The processer may be configured to perform any of the (encoding) methods outlined
herein.
[0058] According to a further aspect, a bitstream which is indicative of N encoded channels
of a multi-channel audio signal and which is indicative of an inter-channel coding
graph that has been used to inter-channel encode the N encoded channels is described.
[0059] In particular, the bitstream may be indicative of a topologically sorted inter-channel
coding graph. The graph may have been sorted, such that the channels of the multi-channel
audio signal are assigned to a sequence of positions; such that a channel assigned
to a first position from the sequence of positions has been encoded independently;
and such that for each subsequent position from the sequence of positions, a channel
assigned to this position has been encoded independently or has been encoded in dependence
of one or more channels assigned to one or more previous positions. As a result of
this, the bitstream enables a resource efficient decoding of the inter-channel encoded
multi-channel audio signal.
[0060] According to a further aspect, a method for decoding a bitstream is described. The
method may comprise features corresponding to the features of the encoding methods
described herein. The bitstream may be indicative of N encoded channels of a multi-channel
audio signal and of an inter-channel coding graph that has been used to inter-channel
encode the N encoded channels. The method comprises performing intra-channel decoding
of the N encoded channels to provide N inter-channel encoded channels. Furthermore,
the method comprises performing inter-channel decoding in accordance to the inter-channel
coding graph to provide N reconstructed channels of a decoded multi-channel audio
signal.
[0061] According to a further aspect, an audio decoder comprising a processor configured
to perform the methods for decoding described herein is described.

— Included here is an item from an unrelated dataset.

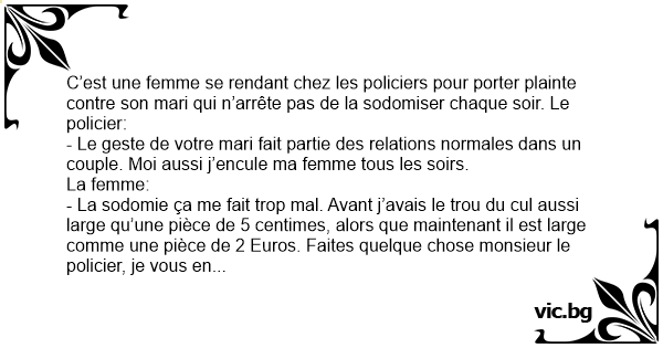 - La sodomie ça me fait trop mal. Avant j’avais le trou du cul aussi large qu’une pièce de 5 centimes, alors que maintenant il est large comme une pièce de 2 Euros. Faites quelque chose monsieur le policier, je vous en supplie.

[0062] According to a further aspect, a software program is described. The software program
may be adapted for execution on a processor and for performing the method steps outlined
herein when carried out on the processor. According to another aspect, a storage medium
is described. The storage medium may comprise a software program adapted for execution
on a processor and for performing the method steps outlined herein when carried out
on the processor.
[0063] According to a further aspect, a computer program product is described. The computer
program may comprise executable instructions for performing the method steps outlined
herein when executed on a computer.
[0064] It should be noted that the methods and systems including its preferred embodiments
as outlined in the present patent application may be used stand-alone or in combination
with the other methods and systems disclosed herein. Furthermore, all aspects of the
methods and systems outlined in the present patent application may be arbitrarily
combined. In particular, the features of the claims may be combined with one another
in an arbitrary manner.
SHORT DESCRIPTION OF THE FIGURES
[0065] The invention is explained below in an exemplary manner with reference to the accompanying
drawings, wherein Figs. 1a to Id show example graphs for describing channel dependencies;
Figs. 2a to 2b illustrate an example scheme for optimizing a graph;
Figs. 3a to 3d illustrate an example scheme for removing cycles within a higher prediction
order graph;
Fig. 3e shows a flow chart of an example method for determining a higher order prediction
graph from a first order prediction graph;
Fig. 4a shows an example first order prediction graph;
Fig. 4b shows an example graph for higher prediction orders;
Fig. 4c shows example coding gains for different prediction orders;
Fig. 5a shows a block diagram of an example multi-channel encoder;
Fig. 5b shows a block diagram of an example multi-channel decoder;
Figs 6a to 6b illustrate an example scheme for ordering an inter-channel coding graph;
Fig. 7 illustrates an audio signal comprising multiple presentations;
Figs. 8a to 8c show flow charts of example methods for encoding a multi-channel audio
signal; and
Fig. 9 shows a flow chart of an example method for decoding a bitstream representative
of an inter- and intra-channel encoded multi-channel audio signal.
DETAILED DESCRIPTION
[0066] As outlined above, the present document is directed at inter-channel coding of a
multi-channel audio signal. The dependencies between different channels of a multi-channel
audio signal may be described using a directed acyclic graph (DAG), which describes
how one or more channels of the multi-channel audio signal may be predicted by one
or more other channels of the multi-channel audio signal. The dependencies between
one or more channels may be described on a frame-by frame basis, thereby providing
a DAG for each frame of a multi-channel audio signal. A frame may comprise the samples
of an excerpt of the multi-channel audio signal, e.g. with a temporal length of 20ms.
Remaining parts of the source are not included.